### What is expected
Restate word for word the opening line of the data below and every line after it until the line with "近日,由琛蓝健康与天津医科大", that line too, but not the pictures.

### Dataset entries
........
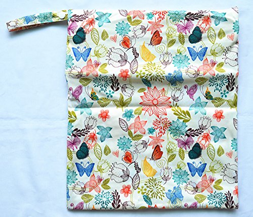 Wet Dry Bag Baby Cloth Diaper Nappy Bag Reusable with Two Zippered Pockets (Bloom)
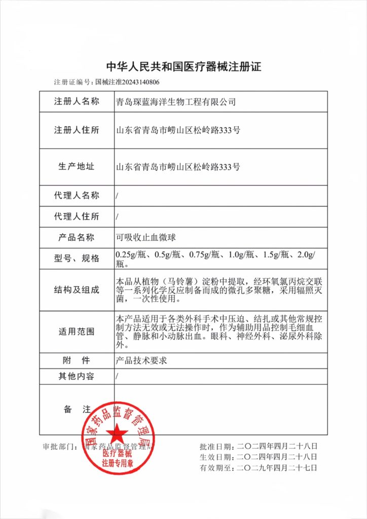 近日,由琛蓝健康与天津医科大学顾汉卿教授团队联合研发的三类医疗器械可吸收止血微球,正式获批《中华人民共和国医疗器械注册证》,申报时长比常规用时缩短近一年。
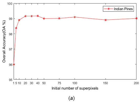 The computational time of the LRS-HRFMSuperPCA algorithm and other comparison algorithms are represented in Table 9. The running environment of the LRS-HRFMSuperPCA and all the comparison algorithms is a notebook computer with 12 GB memory and a 2.2 GHz CPU processor. Except for GhoMR and SSRN, the running environment of GhoMR and SSRN are pytorch 1.6.0 and CUDA10.1 in the open-source GPU environment of Google lab, the running environment of other algorithms is MATLAB2018a. Table 8 shows the number of training samples as a percentage of the total sample number in the measurement run time to experiment on the three datasets. According to the analysis of Table 9, the LRS-HRFMSuperPCA algorithm takes a long time on the Indian Pines. The main reason is that this technique utilizes multi-level domain transform recursive filtering and multi-scale superpixel segmentation. As seen in Figure 18a,b, under different training sets of Indian Pines, the OA of our method is enhanced compared to other comparison algorithms. On the PaviaU and Salinas, the CCJSR took the most time since the computation of the correlation coefficient of the training set increased by increasing the training set, followed by the KNNRS. The main computation of the KNNRS is caused by the operation of KNNs. The operation time of the MSuperPCA is mainly caused by multiscale hyperpixel segmentation of HSIs. The run time of our method on the PaviaU is lower compared to the KNNRS, MSuperPCA, and CCJSR. The OA index of this method is also improved compared to other algorithms on PaviaU, for the GhoMR. Although the time cost of our algorithm on Indian Pines and PaviaU is higher than that of the GhoMR, the classification accuracy of our algorithm is better than that of the GhoMR in various training sets. Moreover, the time cost on Salinas is lower than that of GhoMR. Thus, the experimental results show that the run time of LRS-HRFMSuperPCA is acceptable.
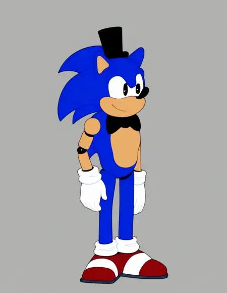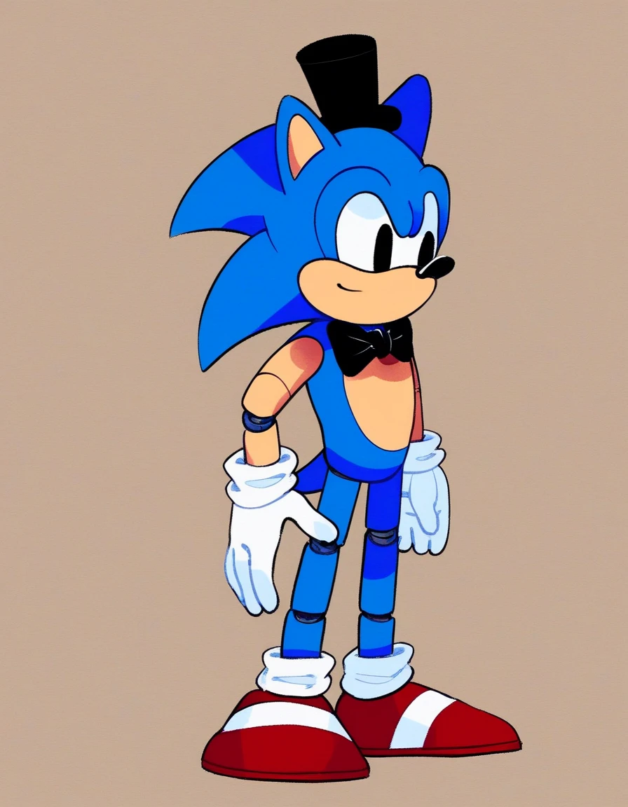 | 训练词汇 | Clone_SonicFNF, gloves, 1boy, hat, bow, animal ears, blue hair, shoes, socks, white gloves, bowtie, black eyes, black headwear, black bow, white socks, red footwear, furry, mini hat, black bowtie, top hat, furry male, body fur, mini top hat, animal nose, blue fur, sonic the hedgehog. robot, animatronic, robot joints已复制! |
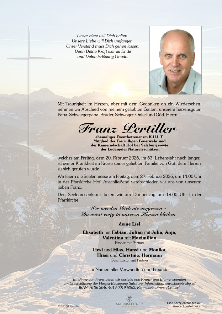 Neuer Eintrag in das Kondolenzbuch von Herr Franz Pertiller
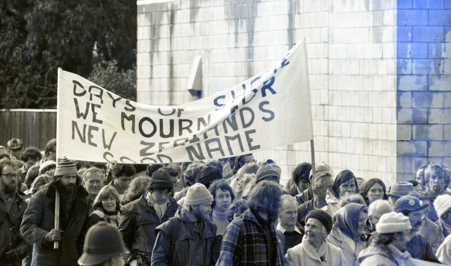This image was taken for a story that ran in The Manawatu Evening Standard on 15 August 1981, with the caption: "Protesters arrested in city march."
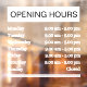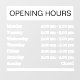 If you have just opened a shop and are looking for a way to indicate your opening hours, or if you are just looking to revamp the aesthetic of your window, we have just the opening hours sticker for you! Perfect shop window decor for all business owners out there as it can be customised with the hours of your choice to indicate exactly when you are open!
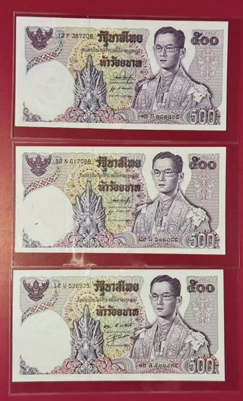 แบงค์ 500 บาท ร. 9 แบบ 11 พระปรางค์ 3 ยอด 3 ใบ สวย เดิมๆ |
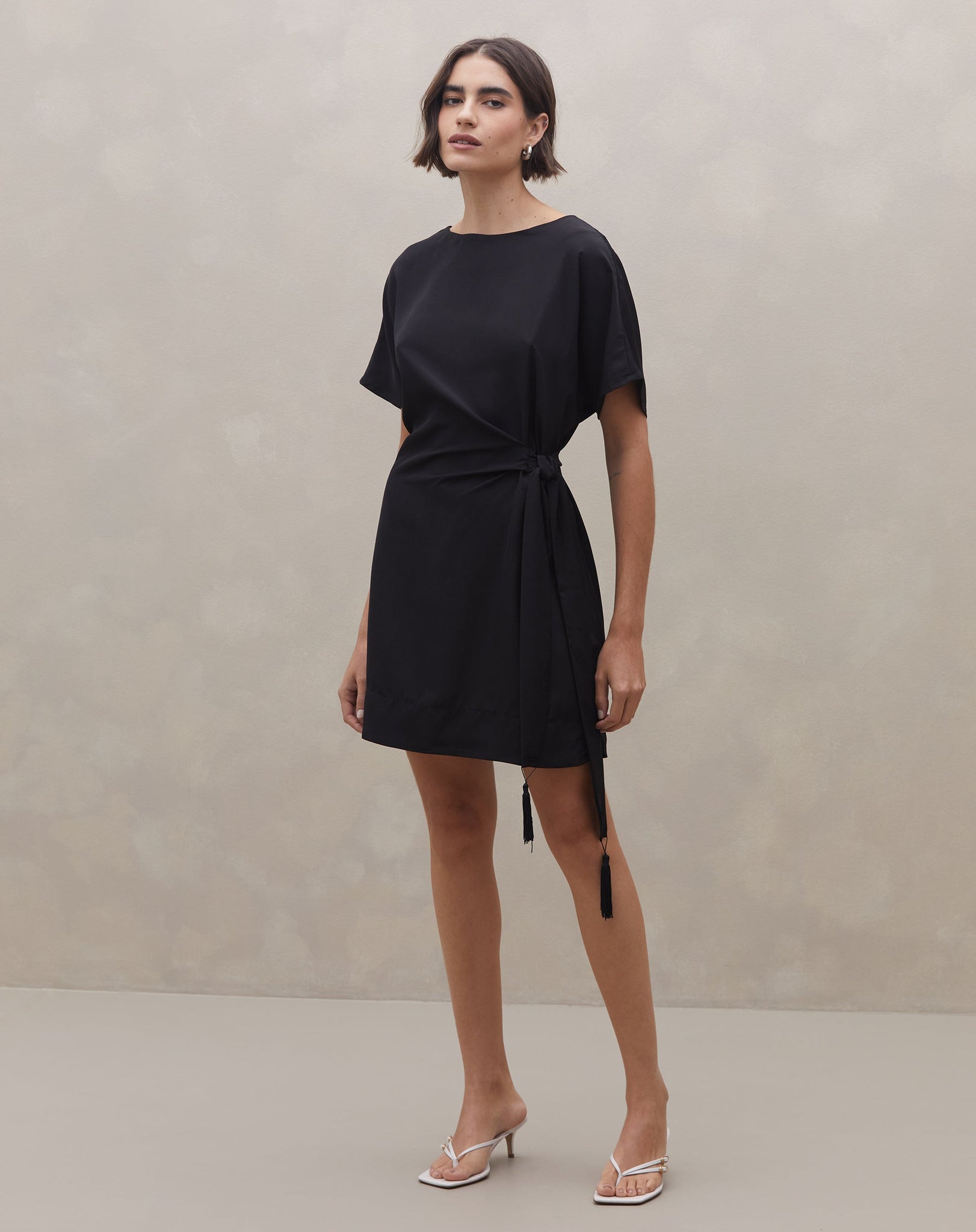Vestido curto com amarração lateral e detalhe de tassel, perfeito para um look casual elegante. Seu design clássico e acinturado garante versatilidade em diversas ocasiões.
........
### Answer below
 Wet Dry Bag Baby Cloth Diaper Nappy Bag Reusable with Two Zippered Pockets (Bloom)
 近日,由琛蓝健康与天津医科大学顾汉卿教授团队联合研发的三类医疗器械可吸收止血微球,正式获批《中华人民共和国医疗器械注册证》,申报时长比常规用时缩短近一年。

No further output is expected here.